These decisions, therefore, have laid down a principle, which applies to and concludes the present dispute. They establish that when a grant is made by a zemindar of a tenure at a fixed rent, although the tenure may be permanent, heritable and transferable, minerals will not be held to have formed part of the grant in the absence of express evidence to that effect.

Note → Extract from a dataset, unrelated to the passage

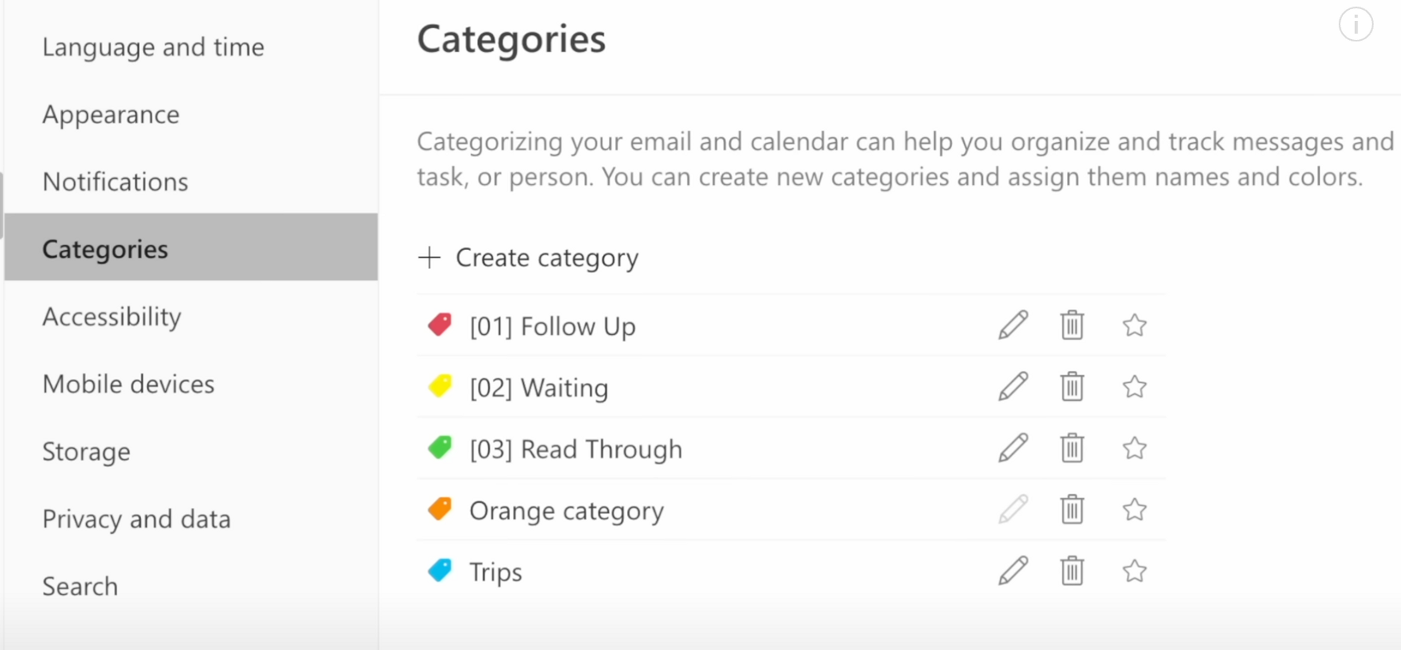 Then, head to the "General" tab > Categories, and create the following five categories: Follow up, Waiting, Read Through, Newsletters, and Trips. You can use brackets and numbers to have these three categories up top.

45. In this case the Lord Chancellor further observed that in considering the question raised in the appeal, viz., as to whether the mukarrari grant in that case carried with it the mineral rights in the soil it is important to avoid giving the words used, in connection with legal transactions in India a special and technical meaning that they posses in England, and the meaning of the word “grant” was not the same in. India as in England. The grant which was under consideration by the Privy Council in Girdhari Singh v. Megh Lal Pandey 42 Ind. Cas. 651 : 45 C. 87 : 22 M.L.T. 358 : 15 A.L.J. 851 : 33 M.L.J. 687 : 3 P.L.W. 169 : 26 C.L.J. 584 : (1917) M.W.N. 232, 22 C.W.N. 201 : 7 L.W. 90 : 20 Bom. L.R. 64 : 44 I.A. 246 (P.C.) is set out in the judgment of the High Court Brojonath Bose v. Durga Prasad Singh 34 C. 753 : 5 C.L.J. 583 : 12 C.W.N. 193. It was the case of a mukarrari lease and the expression “mai hak hakuk” was used in the lease, and it was held that unless there be by the terms of the lease an express or plainly implied grant of mineral rights they remain reserved to the zemindar, there being no evidence of his having parted with them. The word “sub sudha” in the document under consideration in the present case has the same significance as the word “hak hakuk” in the case before their Lordships of the Privy-Council in Girdhari Singh v. Megh Lal Pandey 42 Ind. Cas. 651 : 45 C. 87 : 22 M.L.T. 358 : 15 A.L.J. 851 : 33 M.L.J. 687 : 3 P.L.W. 169 : 26 C.L.J. 584 : (1917) M.W.N. 232, 22 C.W.N. 201 : 7 L.W. 90 : 20 Bom. L.R. 64 : 44 I.A. 246 (P.C.). The grant under consideration was produced in Raghunath Roy Marwari v. Raja of Jheria 50 Ind. Cas. 849 : 47 C. 95 : 17 A.L.J. 597 : 36 M.L.J. 660 : 1 U.P.L.R. (P.C.) 43 : 23 C.W.N. 914 : 26 M.L.T. 76 : 30 C.L.J. 160 : 21 Bom. L.R. 895 : 10 L.W. 347 : 46 I.A. 158 (P.C.) The terms were:

I hereby grant you rent-free brahmottar land is Mauza Chandkuia is Pargana, Jharia. You should enjoy it comfortably by cultivating and by getting thesame cultivated by others and to bless me. Hence, this patta is granted to you.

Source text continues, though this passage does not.